[Windows] Ungraceful shutdown of node corrupts the database
Describe the bug Running the node on Windows and closing by clicking on "X" in the top right corner of the windows app has a high probability of corrupting the database.
To Reproduce
- Download the Window grin-node release
- Remove the .grin folder if you have it
- Open grin node and let it start sync
- Close it after 20 seconds or so by clicking 'X'
It doesn't always corrupt the data, but every 3rd try it usually ends in a bad state from which it can't recover.
Relevant Information Logs when trying to run the node after a corruption occured.
20210109 18:59:05.601 INFO grin_util::logger - log4rs is initialized, file level: Info, stdout level: Warn, min. level: Info
20210109 18:59:05.603 INFO grin - Using configuration file at C:\Users\phyro\.grin\main\grin-server.toml
20210109 18:59:05.603 INFO grin - This is Grin version 5.0.1 (git v5.0.1), built for x86_64-pc-windows-msvc by rustc 1.48.0 (7eac88abb 2020-11-16).
20210109 18:59:05.603 INFO grin - Chain: Mainnet
20210109 18:59:05.603 INFO grin - Accept Fee Base: 500000
20210109 18:59:05.603 INFO grin - Future Time Limit: 300
20210109 18:59:05.603 INFO grin - Feature: NRD kernel enabled: false
20210109 18:59:05.603 WARN grin::cmd::server - Starting GRIN in UI mode...
20210109 18:59:05.603 INFO grin_servers::grin::server - Starting server, genesis block: 40adad0aec27
20210109 18:59:05.779 ERROR grin_util::logger -
thread 'main' panicked at 'called `Result::unwrap()` on an `Err` value: Chain(Error { inner: NotFoundErr("BLOCK HEADER: 000007f722ca")
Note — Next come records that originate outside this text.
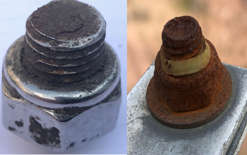 尼龍防松螺母正常安裝圖 尼龍防松螺母脹圈引發(fā)生銹圖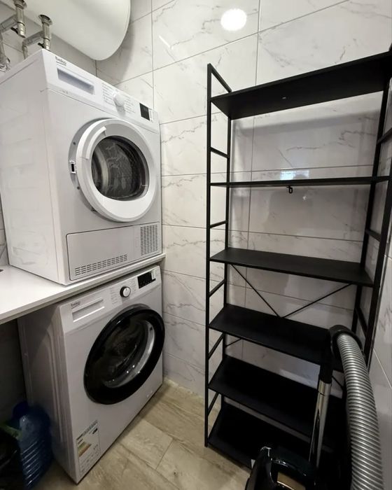 - пральна та сушильна машини, вбудований холодильник, посудомийка, 2 телевізора, пилосос, духовка, мікрохвильовка - тепла підлога,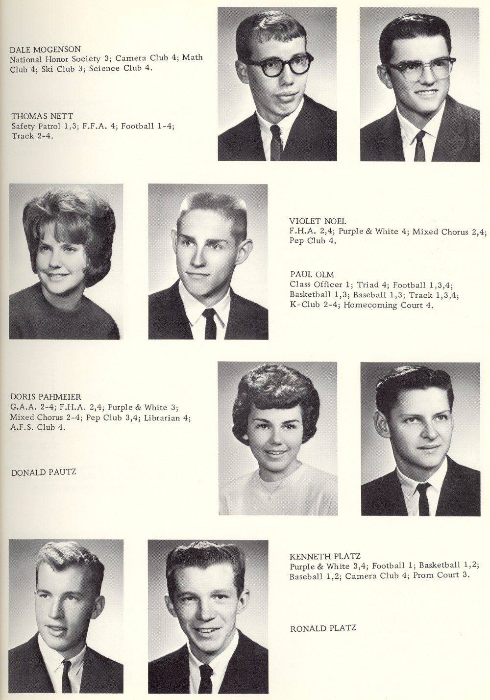 1964 Kiel High School, Page 7: Dale Mogenson, Thomas Nett, Violet Noel, Paul Olm, Doris Pahmeier, Donald Pautz, Kenneth Platz, Ronald Platz.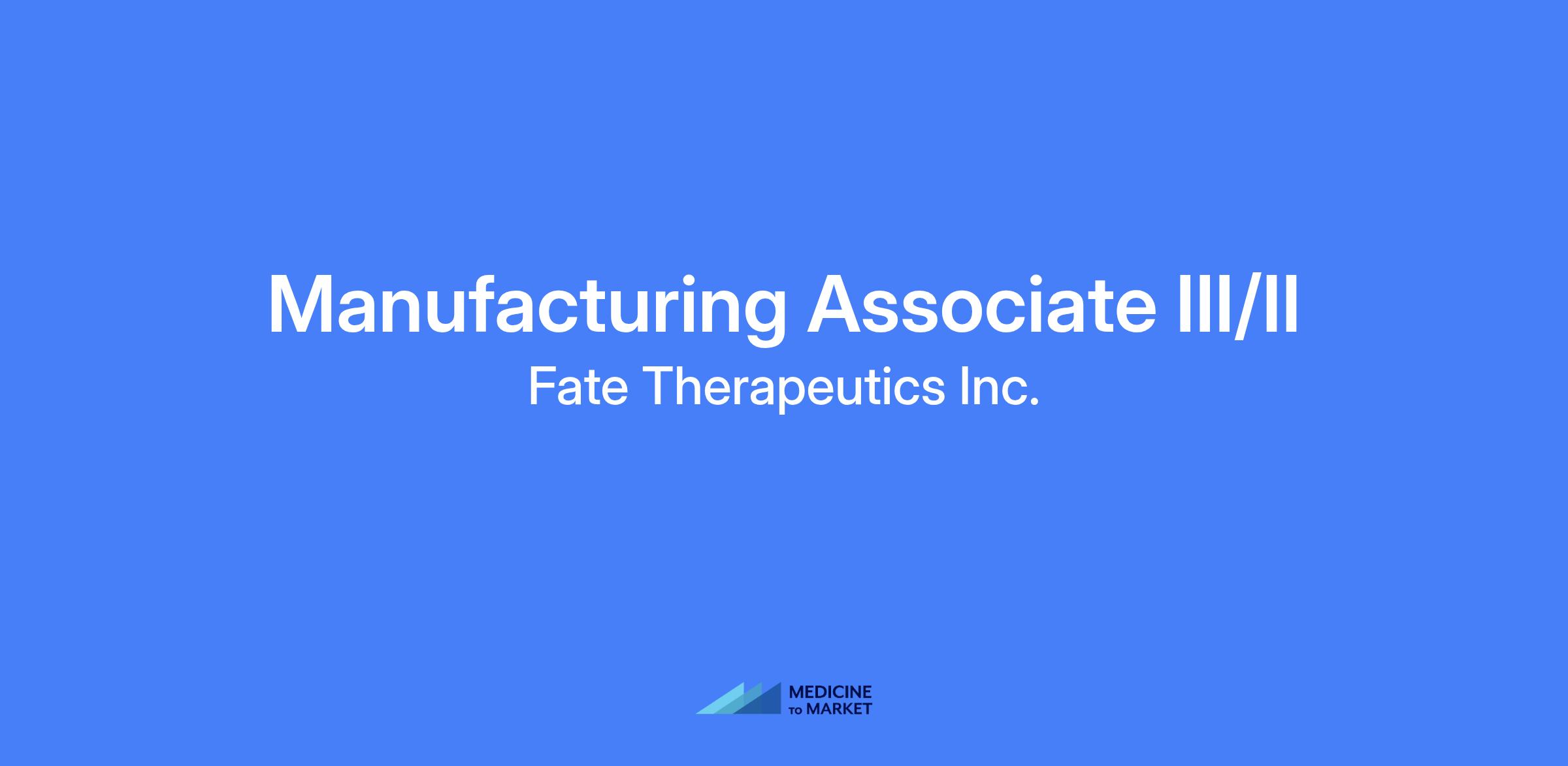Manufacturing Associate III/II to join our Manufacturing team to execute the manufacturing of iPSC-derived allogenic cell therapy products in a cGMP compliant clean room environment. Responsible for executing batch records, following SOPs, and performing manufacturing logistical support per cGMP, GDP and safety standards. Develop and apply skills across production activities including aseptic techniques, equipment operation, product sampling and enumeration, reagent and material preparation and cell processing. Full-time, non-exempt, located in San Diego, CA.
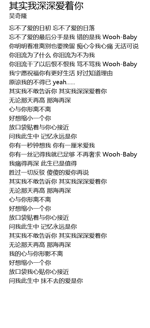 | [02:55.000] | 其实我不敢告诉你 其实我深深爱着你 |

Store Error: NotFoundErr("BLOCK HEADER: 000007f722ca"), reason: DB Not Found Error: BLOCK HEADER: 000007f722ca })': src/bin\cmd\server.rs:58 0: <unknown>
1: <unknown>
2: <unknown>
3: <unknown>
4: <unknown>
5: <unknown>
6: <unknown>
7: <unknown>
8: <unknown>
9: <unknown>
10: <unknown>
11: <unknown>
12: <unknown>
13: <unknown>
14: <unknown>
15: <unknown>
16: <unknown>
17: <unknown>
18: BaseThreadInitThunk
19: RtlUserThreadStart
Screenshots /
Desktop (please complete the following information): I've noticed this on Windows.
Additional context
It works if you quit the "Grin way" by pressing 'q' and waiting for the cleanup prior to shutdown.
Here's probably some context around the problem.
https://stackoverflow.com/questions/26658707/windows-console-application-signal-for-closing-event
I believe the ctrlc package we use may not support the SIGBREAK signal. Perhaps using a different library to catch these signals and then reacting on it also in this case would solve the issue, but I didn't dive too deep.
This could definitely use a CI test that exposes the problem; that might be a good place to start.
I think we may have actually tracked down the NotFoundErr("BLOCK HEADER: error when we were frantically implementing the "rewind bad block" logic for #3605.
Or at least one situation where it can surface. Its related to the "sync MMR" and I believe fixed here -
https://github.com/mimblewimble/grin/pull/3603/files#diff-29a4dbf8cadda7c8ed1b4e35a237dfebe170b3703d7af2c78c065ae65ab04100
tl;dr the sync MMR gets "out of sync" relative to the header MMR and ends up in a state where it continues to refer to a header that no longer exists.
I'm not sure this actually resolves the issue identified in this PR. Its also not technically data corruption as we can recover from it and its more a case of us just handling it badly on startup.
To be clear we definitely do still have situations where it is possible to legitimately corrupt the data on disk, but this missing header is (I believe) a less severe problem that can be handled more robustly during node startup (and I think we do that now with the fix linked above).
- Remove the .grin folder if you have it
- Open grin node and let it start sync
- Close it after 20 seconds or so by clicking 'X'
So yes this is happening during "header sync" so in this specific case we are not deleting a header for it go go missing, but we are shutting the node down during the period where it is writing the sync MMR files to disk, but has not yet committed the batch of headers to the db. So on next startup the sync MMR is out beyond the headers in the db and the "sync head" points to a non-existent header. We want to reset the sync MMR to an earlier state which I believe we now correctly do in this situation, we just need to get past the initial startup where it makes an assumption that the header exists.